TASK REQUIREMENTS: Your output should be the lines below from the one with "małym aneksem kuchennym" through the one with "Нарядное платье принцессы", copied exactly, pictures excluded.

STORED DATA:

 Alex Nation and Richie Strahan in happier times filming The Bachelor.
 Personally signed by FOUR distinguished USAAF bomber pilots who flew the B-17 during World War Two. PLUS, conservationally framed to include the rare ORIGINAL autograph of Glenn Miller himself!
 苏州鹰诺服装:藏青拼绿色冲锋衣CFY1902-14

==

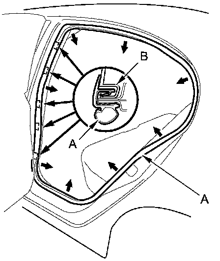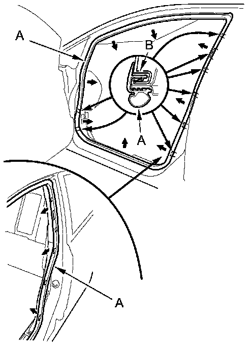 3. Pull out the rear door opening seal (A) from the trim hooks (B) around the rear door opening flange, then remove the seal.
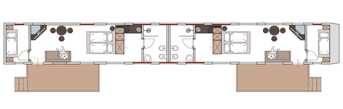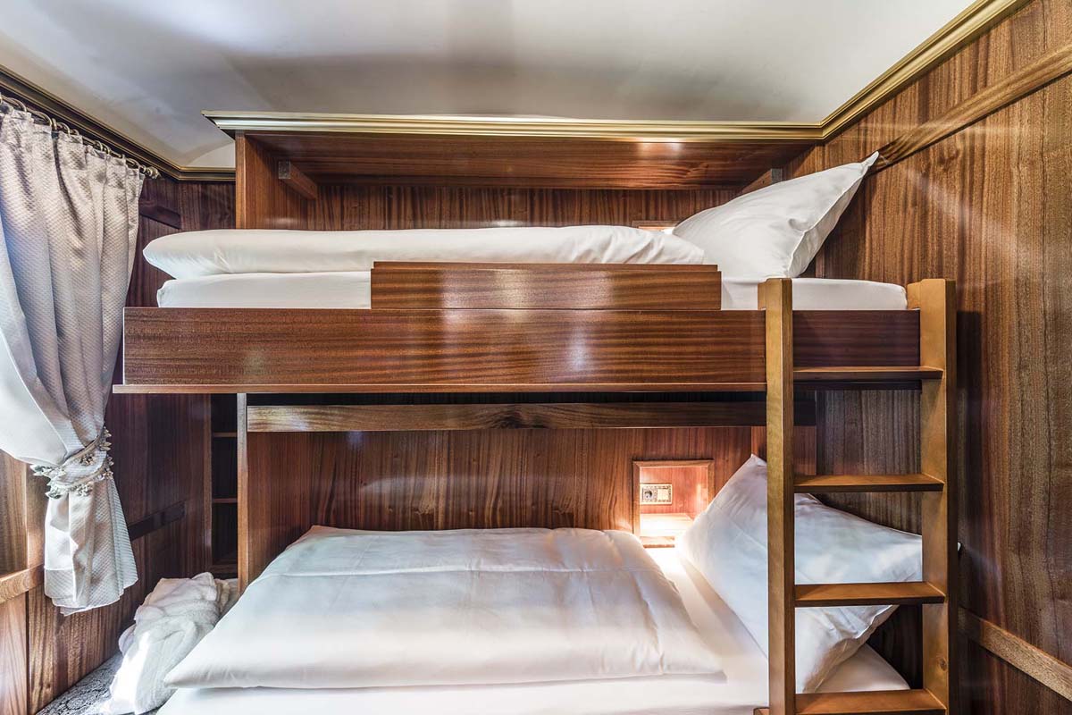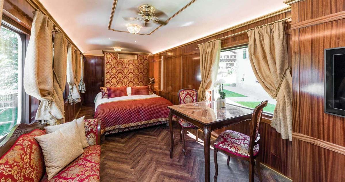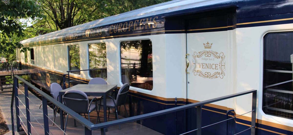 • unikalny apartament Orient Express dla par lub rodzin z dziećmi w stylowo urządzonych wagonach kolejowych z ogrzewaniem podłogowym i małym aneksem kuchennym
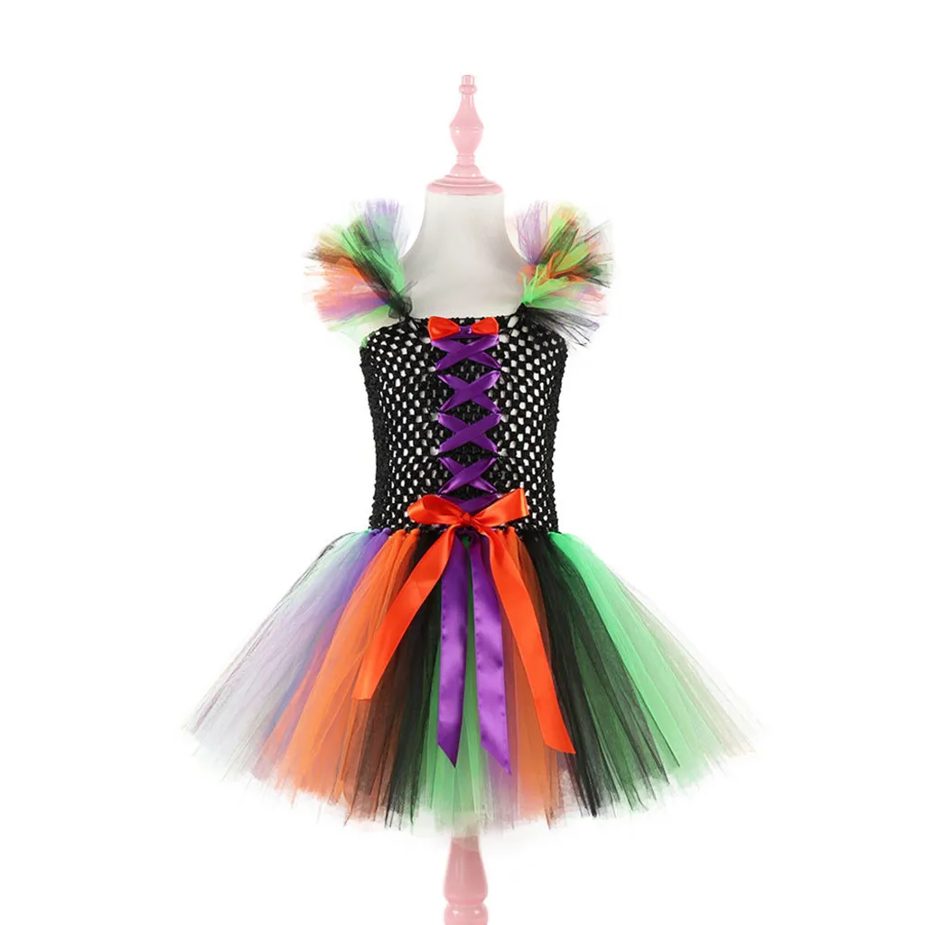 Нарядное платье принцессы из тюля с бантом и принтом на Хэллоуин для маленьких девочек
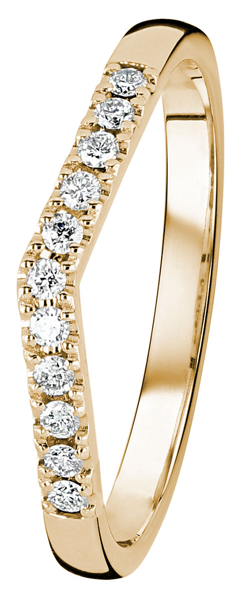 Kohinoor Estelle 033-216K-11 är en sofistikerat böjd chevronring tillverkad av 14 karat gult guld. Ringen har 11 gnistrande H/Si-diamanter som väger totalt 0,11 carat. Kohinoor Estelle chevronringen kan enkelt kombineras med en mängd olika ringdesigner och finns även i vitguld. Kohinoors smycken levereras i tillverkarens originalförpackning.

RESPONSE AREA:
 • unikalny apartament Orient Express dla par lub rodzin z dziećmi w stylowo urządzonych wagonach kolejowych z ogrzewaniem podłogowym i małym aneksem kuchennym
 Нарядное платье принцессы из тюля с бантом и принтом на Хэллоуин для маленьких девочек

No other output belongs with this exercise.